Max Kazantsev via All-commits
all-commits at lists.llvm.org
Wed Dec 21 03:12:31 PST 2022
Branch: refs/heads/main
Home: https://github.com/llvm/llvm-project
Commit: 9a7286b61f61b78db1197fdedcaaa4cac1b04fe3
https://github.com/llvm/llvm-project/commit/9a7286b61f61b78db1197fdedcaaa4cac1b04fe3
Author: Max Kazantsev <mkazantsev at azul.com>
Date: 2022-12-21 (Wed, 21 Dec 2022)
Changed paths:
M llvm/include/llvm/Analysis/ScalarEvolution.h
M llvm/lib/Analysis/ScalarEvolution.cpp
M llvm/test/Transforms/IndVarSimplify/X86/pr59615.ll
Log Message:
-----------
[SCEV] Help getLoopInvariantExitCondDuringFirstIterations deal with complex `umin` exit counts. PR59615
Recent improvements in symbolic exit count computation revealed some problems with
SCEV's ability to find invariant predicate during first iterations.

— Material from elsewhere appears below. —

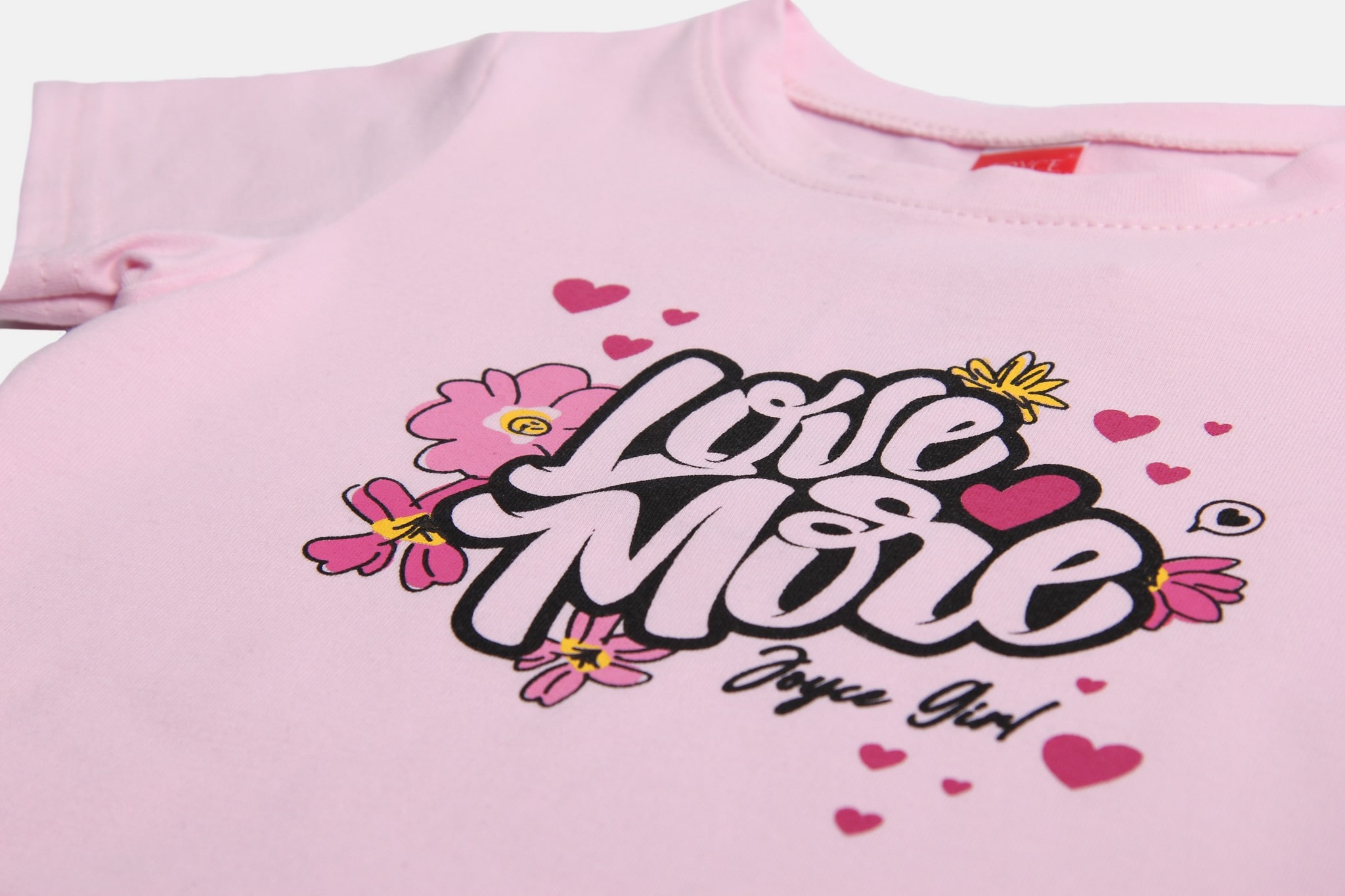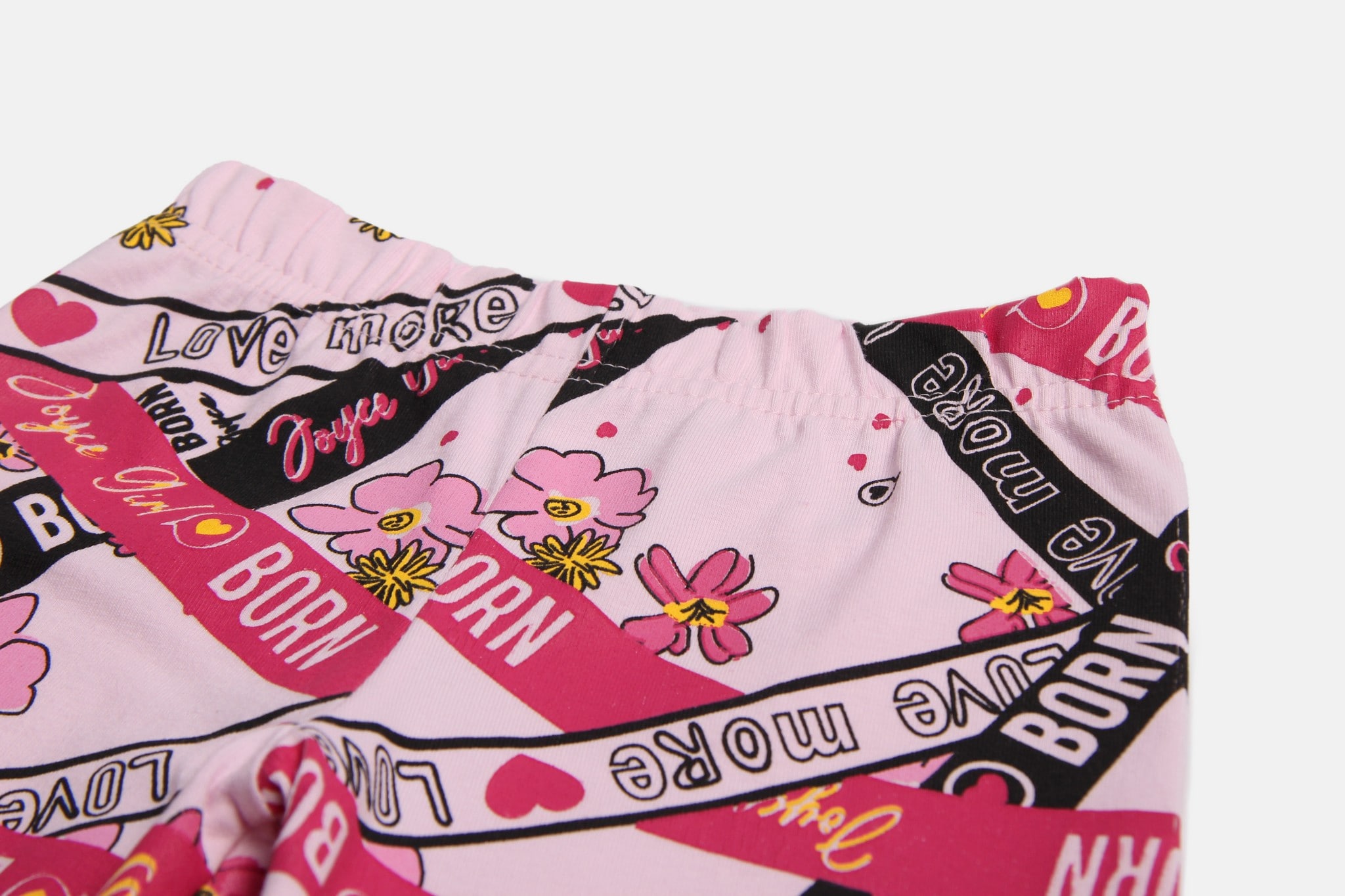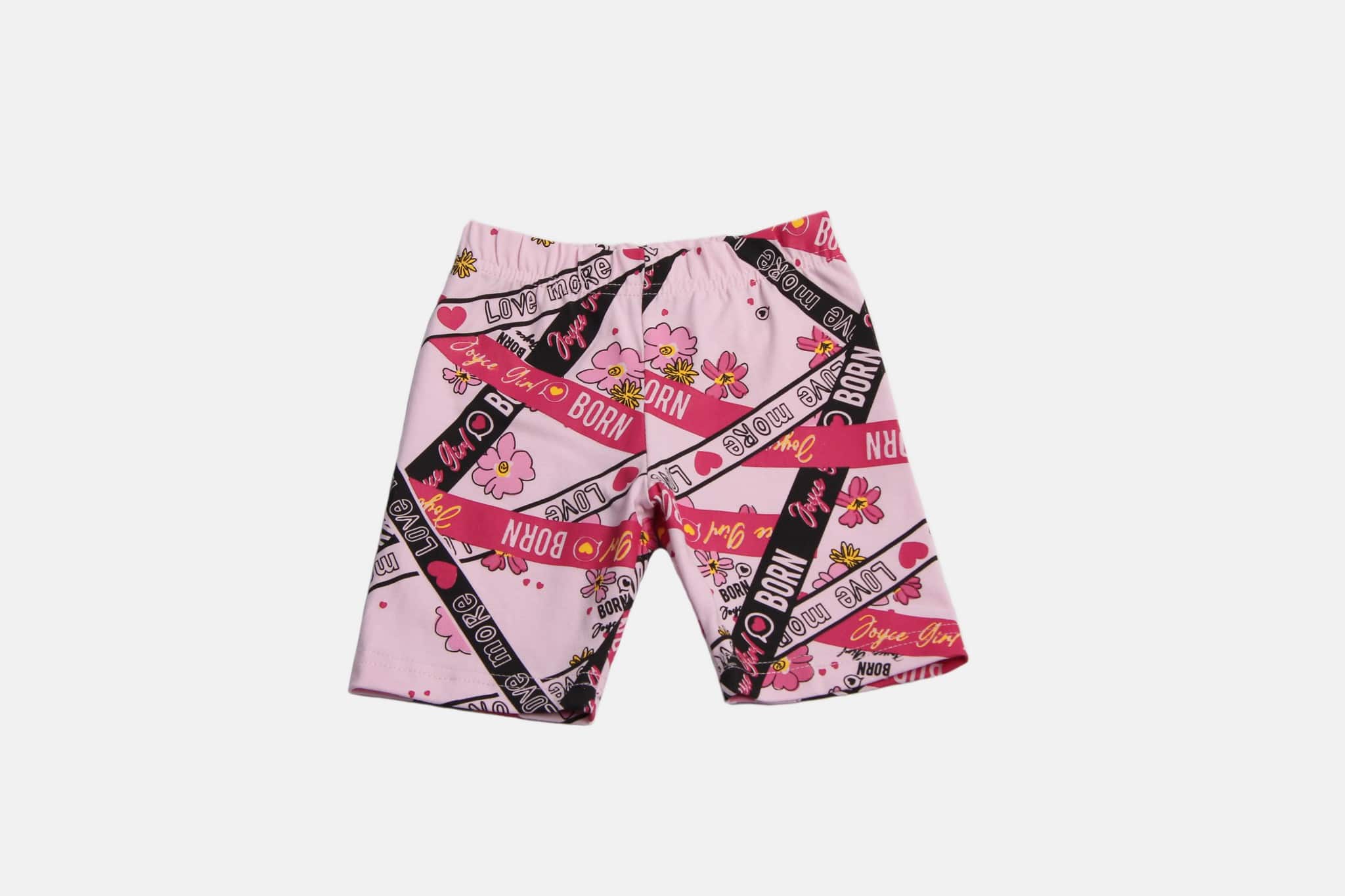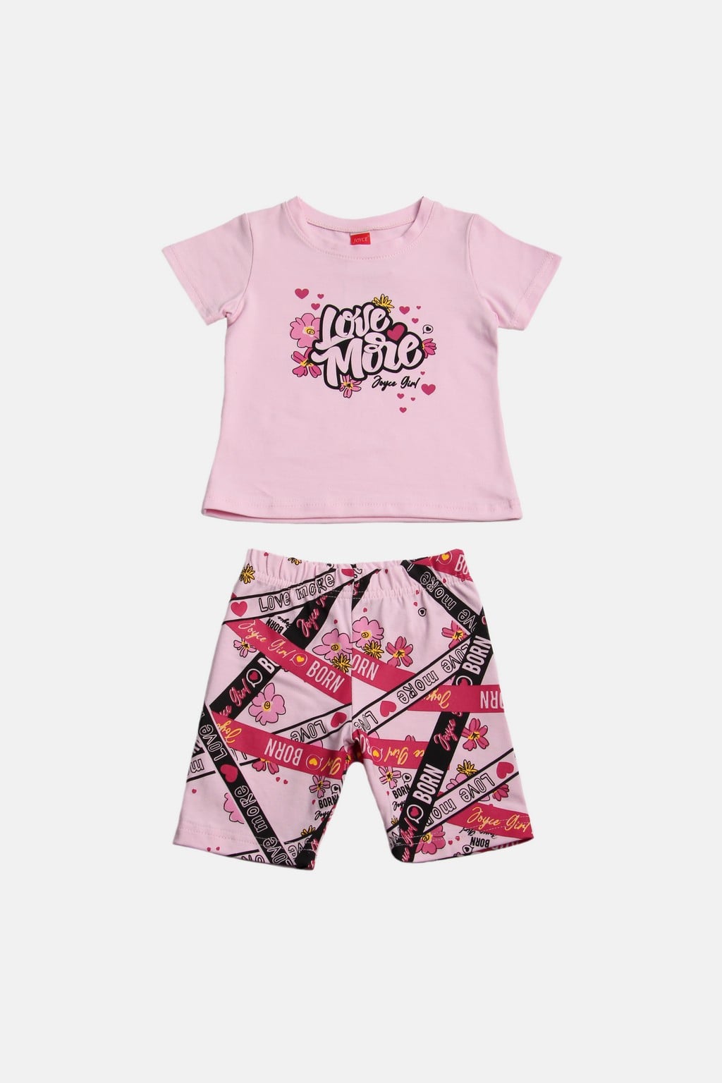 Καλοκαιρινό σετάκι από την εταιρία Joyce το οποίο αποτελείται από μία κοντομάνικη μπλούζα και ένα σορτσάκι. Η μπλουζίτσα είναι σε ροζ χρώμα και έχει τύπωμα σχέδιο λουλουδάκια και καρδούλες και γράφει “Love More”. Το σορτς είναι σε ροζ χρώμα, γράφει “Born” και έχει λάστιχο περιμετρικά στη μέση για μεγαλύτερη άνεση.

Ultimately it is based on its
ability to prove some facts for value on the last iteration. This last value, when it includes
`umin` as part of exit count, isn't always simplified enough. The motivating example is following:
https://github.com/llvm/llvm-project/issues/59615
Could not prove:
```
Pred = 36, LHS = (-1 + (-1 * (2147483645 umin (-1 + %var)<nsw>))<nsw> + %var), RHS = %var
FoundPred = 36, FoundLHS = {1,+,1}<nuw><nsw><%bb3>, FoundRHS = %var
```
Can prove:
```
Pred = 36, LHS = (-1 + (-1 * (-1 + %var)<nsw>)<nsw> + %var), RHS = %var
FoundPred = 36, FoundLHS = {1,+,1}<nuw><nsw><%bb3>, FoundRHS = %var
```
Here ` (2147483645 umin (-1 + %var)<nsw>)` is exit count composed of two parts from
two different exits: `2147483645 ` and `(-1 + %var)<nsw>`. When it was only one (latter)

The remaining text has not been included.